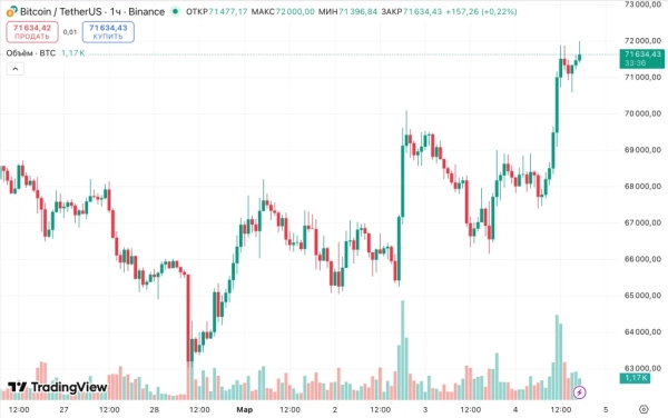 Біткоїн також консолідується близько 200-тижневої середньої ковзної — рівня, який історично збігався з ринковими мінімумами. На момент написання актив торгується близько $71 600. За останню добу його ціна підскочила на 6,7%.
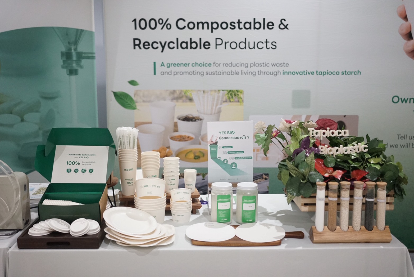 Meanwhile, YES BIO showcases its compostable food packaging solutions, highlighting the brand’s commitment to environmentally responsible alternatives for food and beverage sectors.
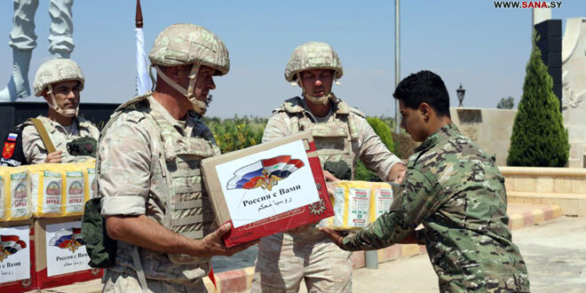 Hama, 17 ago (SANA) Los militares del Centro de Coordinación Ruso con sede en la base de Hemeimim en la provincia costera siria de Latakia, entregaron ayuda alimentaria a varias familias en las ciudades de Mahardeh y Sukelbieh, en la provincia central siria de Hama.
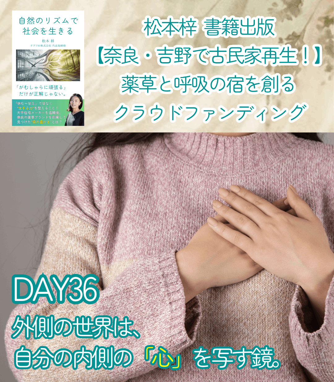 【クラウドファンディングDAY36】外側の世界は、 自分の内側の「心」を写す鏡。

## PROBLEM DETAILS:
Repeat the listing word for word, but without its pictures.

## REPLY:
 Біткоїн також консолідується близько 200-тижневої середньої ковзної — рівня, який історично збігався з ринковими мінімумами. На момент написання актив торгується близько $71 600. За останню добу його ціна підскочила на 6,7%.
 Meanwhile, YES BIO showcases its compostable food packaging solutions, highlighting the brand’s commitment to environmentally responsible alternatives for food and beverage sectors.
 Hama, 17 ago (SANA) Los militares del Centro de Coordinación Ruso con sede en la base de Hemeimim en la provincia costera siria de Latakia, entregaron ayuda alimentaria a varias familias en las ciudades de Mahardeh y Sukelbieh, en la provincia central siria de Hama.
 【クラウドファンディングDAY36】外側の世界は、 自分の内側の「心」を写す鏡。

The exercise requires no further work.